三人占了後院兩間房,
項思籍在屋中照顧傷員,指派霍去病負責出門探聽消息,順便將大蟲處理掉,
屋內隻剩項思籍和床榻上躺著的黑熊小子,
“說說吧,你為什麽要假扮成黑熊的樣子?”
項思籍抱臂立於榻前,把玩著兩把看樣子就價格不菲的刀,
“....”
“還裝睡,信不信明日讓李郎中給你換藥換的狠些?”
“不要..”
黑熊小子全身一顫,看樣子又勾起了之前痛苦的回憶,
“你為什麽要救我?”
“嘿,小子,你還沒回答我的問題呢,”
項思籍有些惱了,真有些不識抬舉,自己可是剛剛救了他的命,
“你那傷口再不處理就掛了!”
“嗯..我知道..”
黑熊小子把臉埋在被子裏,沉默一陣後繼續說道,
“謝謝,你們是好人..”
“嘖,算了,你叫什麽名字?”
項思籍搖搖頭,自己好像對這兩把刀有些印象,但是總覺得哪裏有問題說不上來,
“我叫..”
黑熊小子丹鳳眼中閃過一絲恨意,
“我叫南宮仆射!”
“南宮仆射啊,就叫你南宮吧,”
“...好...”
項思籍初時隻覺得四個字名字太長不好記,反應過來後驚訝的瞪大了眼睛,
“南宮仆射!”
上下仔細打量這眼前的人,
“你..你你要幹嘛?”
南宮仆射看著吃驚的項思籍,有些害怕地將身體往被子裏縮了縮,
“額...沒什麽,隻是沒想到會遇到南宮家的人,”
項思籍大腦有些宕機,使勁回憶著穿越前看過的劇情,有些遲疑地詢問道,
“南宮啊,你是男的女的?”
“關你什麽事!”
南宮仆射直接鑽進被自己裏悶聲回道,伸出一隻手朝門口一指,
“出去!”
項思籍無語了,幹嘛這麽大反應,心下一動,假裝朝外走去,
“那我可走咯,有事兒叫!”
嘭一聲,房間門關了,
南宮仆射靜靜聽了會,確定沒有動靜後將腦袋探出被子觀察屋內的情況,
見自己雙刀立在榻頭,連忙挪動身體想要靠過去拿起,
隻是每次自己即將碰到時總會莫名其妙地夠不到,試了幾次皆沒成功,有些生氣得鼓起臉來,
終於拿到一柄短刀後忽然像是察覺到了什麽,伸長脖子朝床榻邊側後方看去,
果不其然項思籍正蹲在那裏偷笑著,
“滾啊!”
南宮仆射生氣的直接將手中寶刀砸來,
“哎哎哎!這就生氣了啊,哈哈,好好好,我走我走....”
項思籍見對方確實生氣了,也不惱,接住砸過來的刀隨手靠在門框上,自己退了出來把房門帶上,
原本院中幹活的霍去病小心地向這邊瞟著,見項思籍出來了,連忙加快手上的動作,
嘿嘿,居然見到了傳說中的白狐兒臉,隻是沒想到這會就已經和男孩子一個樣了,還沒薑泥身材好呢!
被攆出來的項思籍百無聊賴地坐在院中看霍去病將大蟲剝皮拆骨,李郎中站在一邊端盆接著虎血,嘴裏嘟囔著,
“呀呀,這可不敢瞎鬧了哇,這可是個好東西了麽...”
“李郎中,敢問您是何方人士?鄉音怪有趣。
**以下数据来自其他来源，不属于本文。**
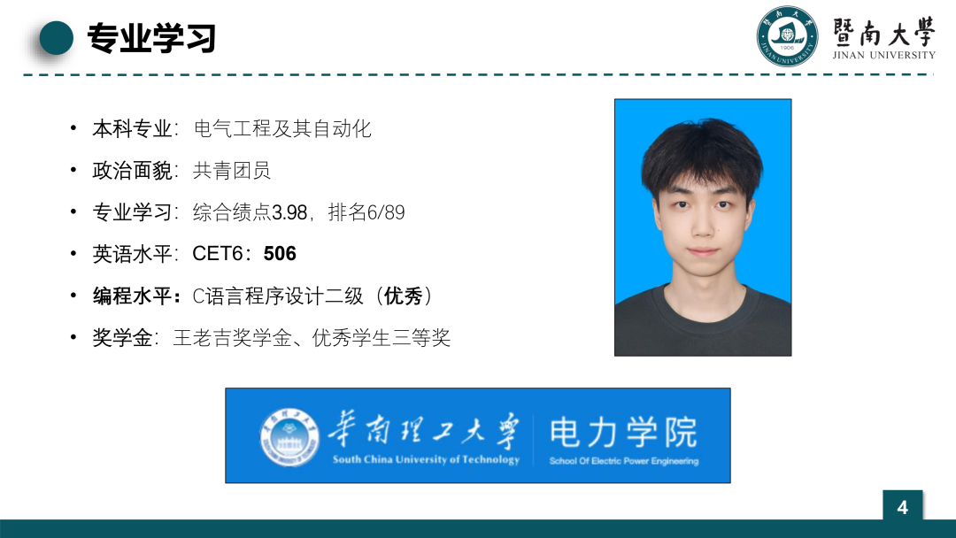 个人简介:谷新研,男,汉族,共青团员,2022级电气工程及其自动化专业本科生。曾获得暨南大学王老吉奖学金,优秀学生三等奖学金,MCM美国大学生数学建模竞赛H奖,全国大学生数学竞赛(非数学A类)二等奖,目前有两篇论文在投。曾担任国际能源学院办公室助理、学业助教,、宿舍层长等职位。

”
項思籍一時好奇這從來沒有聽過的口音,學也學不來,
“嘿嘿,老夫乃是並州人士,不過近幾年戰亂並州也沒了,叫北莽奪去大半,也不知現在並州叫什麽了。”
李郎中接滿一盆又一盆的虎血,見一滴也沒有後便置於一旁晾著,
虎血騰騰熱氣上升,竟將周圍雪堆都融化了部分,
自顧坐在台階上,點起煙鬥,眯著眼睛吧嗒吧嗒抽了起來,
“某觀您的醫術當是軍旅之中的吧?為何現在又守著一小城?”
項思籍不解地詢問著,
“嗨,額本來是軍醫麽,現在開了個醫館瞎混。”
好吧,項思籍一時語塞,不知怎麽開口,
霍去病卻是渾身抖著,憋住笑意,
嘩啦一聲將虎皮扯下甩著晾到一旁架子上,
“你這老漢當真無禮,某主公問你話,你不願意說就算了,還消遣我等。”
“哎,那是消遣,老頭子是怕你們聽得無聊,”
李郎中嗬嗬笑了兩聲,
“不過嘛,要是有虎肉滋補...”
項思籍樂了,當場說道,
“我道是什麽大事,這虎肉本來就是要請老先生吃的,不然某就轉賣處理掉了,待某出去轉轉打回些酒來,咱晚上吃虎肉宴。”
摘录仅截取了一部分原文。